Jones Bridge, once touted as the Queen of Bridges in Manila, spans the Pasig River and connects Binondo and Intramuros.
It underwent its share of wear and tear since it was first built in 1919, thus marking its centennial anniversary this year.
Manila Mayor Francisco “Isko” Moreno and Vice Mayor Dr. Honey Lacuna-Pangan led the inauguration ceremony of the historic bridge last November 25. It was temporarily closed from traffic during the rehabilitation.
LOOK: Manila City Mayor Francisco "Isko Moreno" Domagoso and Vice Mayor Dr. Honey Lacuna-Pangan led the inauguration of…
The city government of Manila reportedly received P20 million from Chinese-Filipino businessmen for this project.
New lampposts in pre-war designs were also placed along the bridge. The project team consulted Jerry Acuzar, the architect behind the historical resort Las Casas Filipinas de Acuzar in Bataan, for it.
Moreover, one of the three historical sculptures called the La Madre Filipina or The Filipina Mother also returned to Jones Bridge, its original location.
Tourism Secretary Bernadette Puyat and Moreno signed a memorandum of agreement for the turnover of the statue from Rizal Park where it was relocated in the 1960s.
The La Madre Filipina sculptures were part of the four-piece work of sculptor-painter Ramon Lazaro Martinez. They once adorned the pillars of the bridge when they were unveiled in 1921.
Moreno cited the bridge’s purpose of connecting two of Manila’s oldest communities.
“One of the challenges of Manila is that it is divided by creeks and rivers and the Jones Bridge symbolizes Manila’s commerce and history. Ang tulay na ito ay nagdurugtong sa dalawang naunang komuninad sa Maynila—ang Binondo at Intramuros,” Moreno said.
Meanwhile, Puyat hoped that the other two La Madre Filipina statues will be allowed to return to their home in the near future.

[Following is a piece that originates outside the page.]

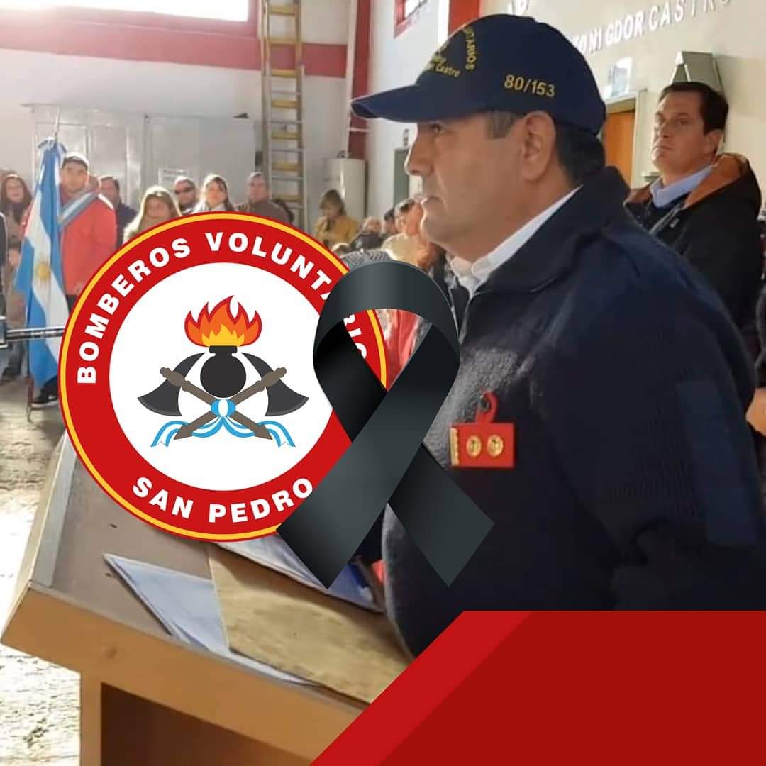 La Asociación Bomberos Voluntarios de San Pedro despide con tristeza y reconocimiento al Oficial de Dotación en reserva Daniel Caro que falleció hoy a los 52 años como consecuencia de los efectos del Covid-19. Destacamos su trayectoria dentro de nuestra institución como ex Jefe del Destacamento de Gobernador Castro y actual miembro del Consejo Directivo.

The other two relics are currently installed at the Court of Appeals compound in Ermita, Manila.
“We appreciate Manileños feeling of nostalgia for Old Manila and I trust that the Court of Appeals and the National Historical Commission of the Philippines will also agree to have the last two original La Madre Filipinas back at the Jones Bridge soon,” Puyat said.
According to an old report from the Bureau of Public Works Bulletin, the La Madre sculptures symbolize democracy, justice, gratitude and progress.
Comments on the restored structure were mostly filled with praises for the efforts of the local government to preserve the capital’s history.
Prior to the Jones Bridge, another infrastructure called the Puenta de España (Bridge of Spain) stood in its place. It was, however, severely damaged by floods during the American occupation.
In 1916, the U.S. government decided to create a new one and commissioned Juan M. Arellano, who also designed the Manila Post Office and the Metropolitan Theater.
This bridge would then be called the William A. Jones Memorial Bridge or Jones Bridge, as a tribute to William Jones and Jones Law, which was enacted to grant the Philippines temporary independence.
It was among the many structures in Manila that were destroyed during World War II and then rebuilt again in 1950.